Directions: Beginning with the line containing "White Blue &" and ending at the last line of the records, transcribe each line exactly. Do not include pictures.

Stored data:
........

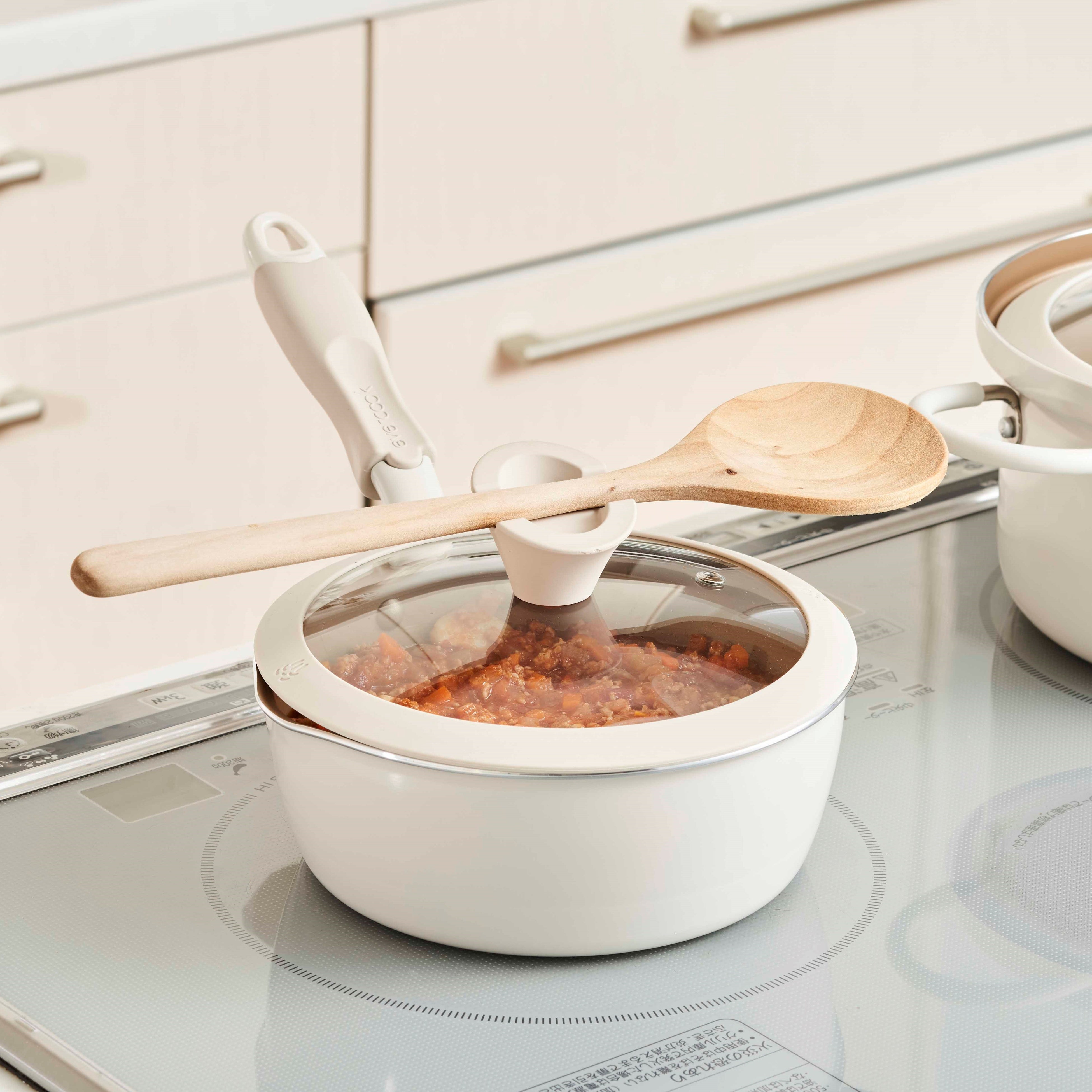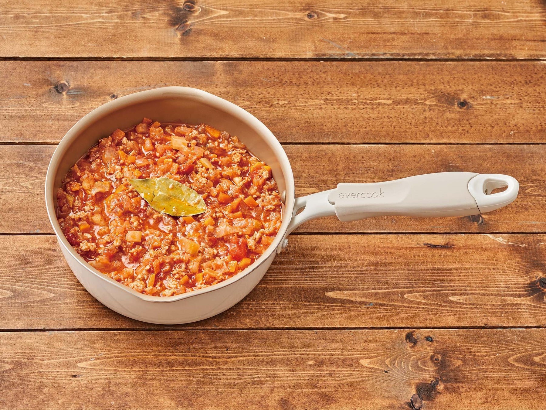 今回発売する「evercookマルチに使える鍋パン」はevercookの鍋シリーズ、卓上鍋、カレー・シチュー鍋に合わせたアイボリーカラーの万能な片手鍋です。焼く、炒める、といったフライパンとしての機能はもちろん、煮込む、茹でる、といった鍋としての機能も兼ね備えた、使いやすいサイズとなっています。
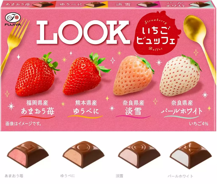 不二家 ルックいちごビュッフェ是不二家在2022年草莓季限時推出的四種草莓夾心巧克力。產(chǎn)品分別采用日本福岡縣“甜王”、熊本縣產(chǎn)“熊紅”、奈良縣產(chǎn)“淡雪”和“珍珠白”四個不同品種的草莓制得。其中,“甜王”外觀為深紅色,風(fēng)味均衡;“熊紅”為鮮紅色,汁液豐富,酸甜適中;“淡雪”為淡粉色,香氣溫和,甜度適中;“珍珠白”為純白色,香氣濃郁,甜味優(yōu)雅,質(zhì)地清新,消費者在一份包裝中可以擁有四種不同的草莓巧克力體驗。
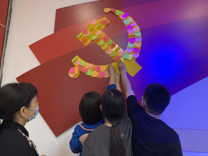 随后,社区党总支以“观影学党史”为契机,给每名参与活动的党员群众发放了便签纸,号召大家认真书写爱党情怀,积极表达对建党100周年的美好祝愿。“行远自迩,踔厉奋发;百年伟业,百年奋斗”、“守初心、担使命,在党的光辉下,谱写美好生活”······大家共同将手中写好寄语的便签纸在党员之家墙面上贴出了“党徽”的图案,用无声的行动,向中国共产党献上最美的礼物。
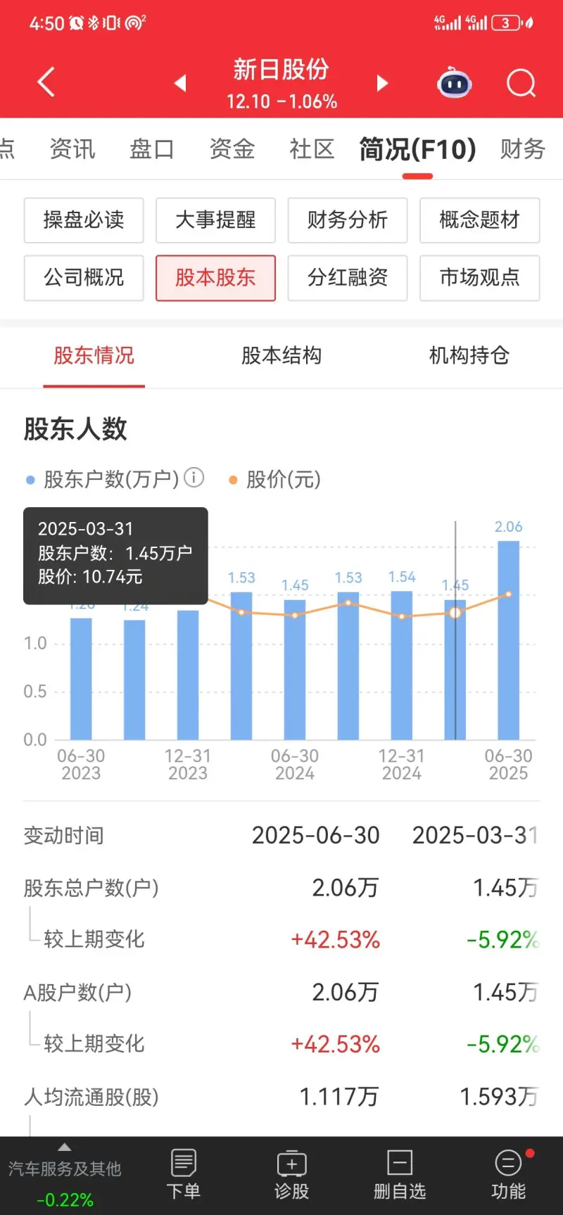 网上有人推荐的。然后一路下跌,一路补仓。买到4万块钱赔了6个点。感觉这股票应该还可以啊,这个这个销售而且利润都双双上升。要是说缺点的话就是股东人数太多了。
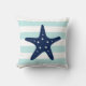 White Blue & Mint Wide Stripes Pattern Starfish Cushion
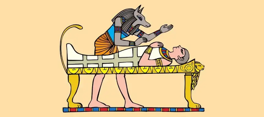 Priester, die die Verstorbenen einbalsamierten, trugen Anubis-Masken während der Rituale. Damit zeigten sie die göttliche Anwesenheit Anubis’ beim Schutz der Toten. Mit Opfergaben wie Brot, Bier und Salben wurde um Schutz für die Verstorbenen gebetet.
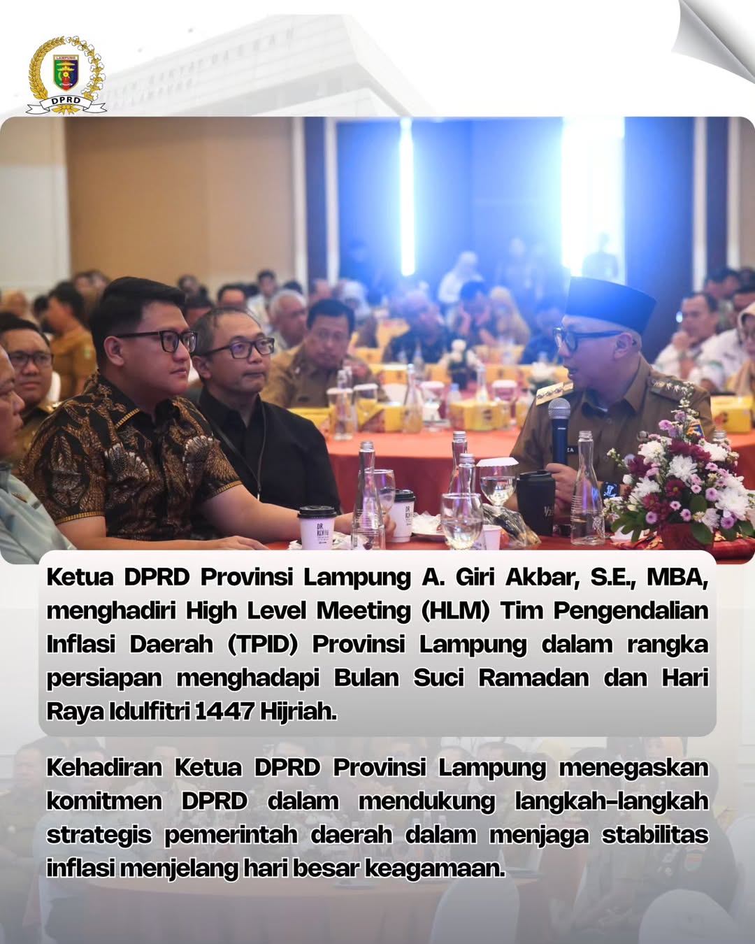 Bandar Lampung,-Ketua DPRD Provinsi Lampung A. Giri Akbar, S.E., MBA, menghadiri High Level Meeting (HLM) Tim Pengendalian Inflasi Daerah (TPID) Provinsi Lampung dalam rangka persiapan menghadapi Bulan Suci Ramadan dan Hari Raya Idulfitri 1447 Hijriah. Kegiatan ini berlangsung di Kantor Perwakilan Bank Indonesia Provinsi Lampung, Selasa (10/2/2026).
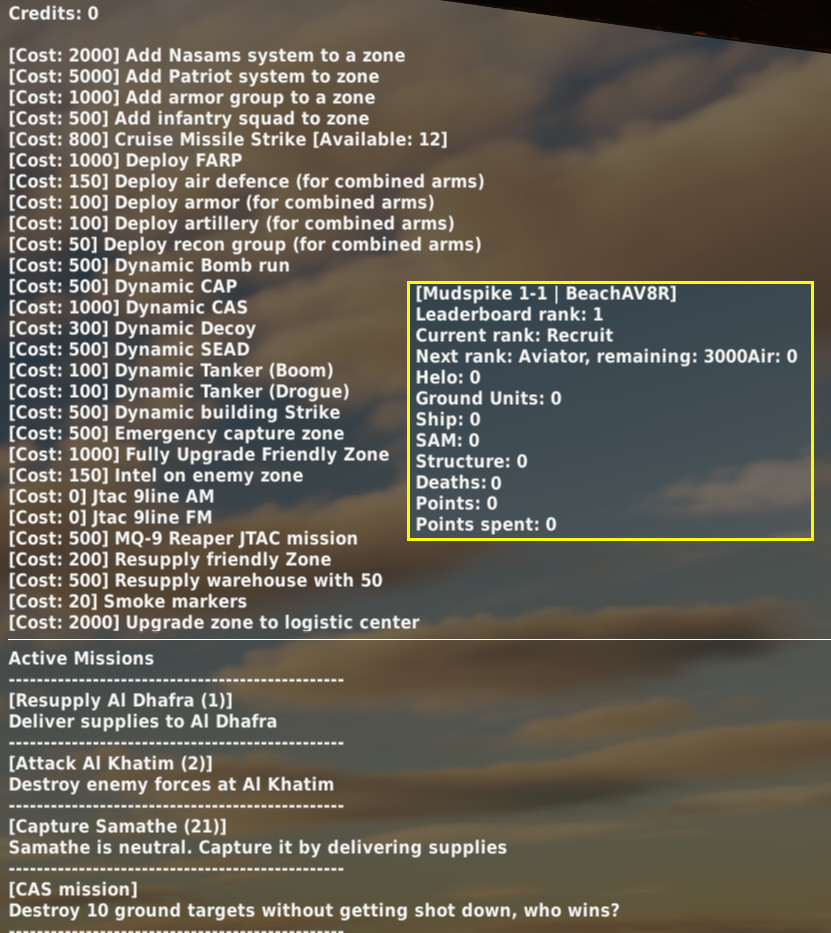 - When zone is captured, you’ll get notified that ATIS is now available for that zone if airfield incase you want to land there.

........

Solution for this exercise:
 White Blue & Mint Wide Stripes Pattern Starfish Cushion
 Priester, die die Verstorbenen einbalsamierten, trugen Anubis-Masken während der Rituale. Damit zeigten sie die göttliche Anwesenheit Anubis’ beim Schutz der Toten. Mit Opfergaben wie Brot, Bier und Salben wurde um Schutz für die Verstorbenen gebetet.
 Bandar Lampung,-Ketua DPRD Provinsi Lampung A. Giri Akbar, S.E., MBA, menghadiri High Level Meeting (HLM) Tim Pengendalian Inflasi Daerah (TPID) Provinsi Lampung dalam rangka persiapan menghadapi Bulan Suci Ramadan dan Hari Raya Idulfitri 1447 Hijriah. Kegiatan ini berlangsung di Kantor Perwakilan Bank Indonesia Provinsi Lampung, Selasa (10/2/2026).
 - When zone is captured, you’ll get notified that ATIS is now available for that zone if airfield incase you want to land there.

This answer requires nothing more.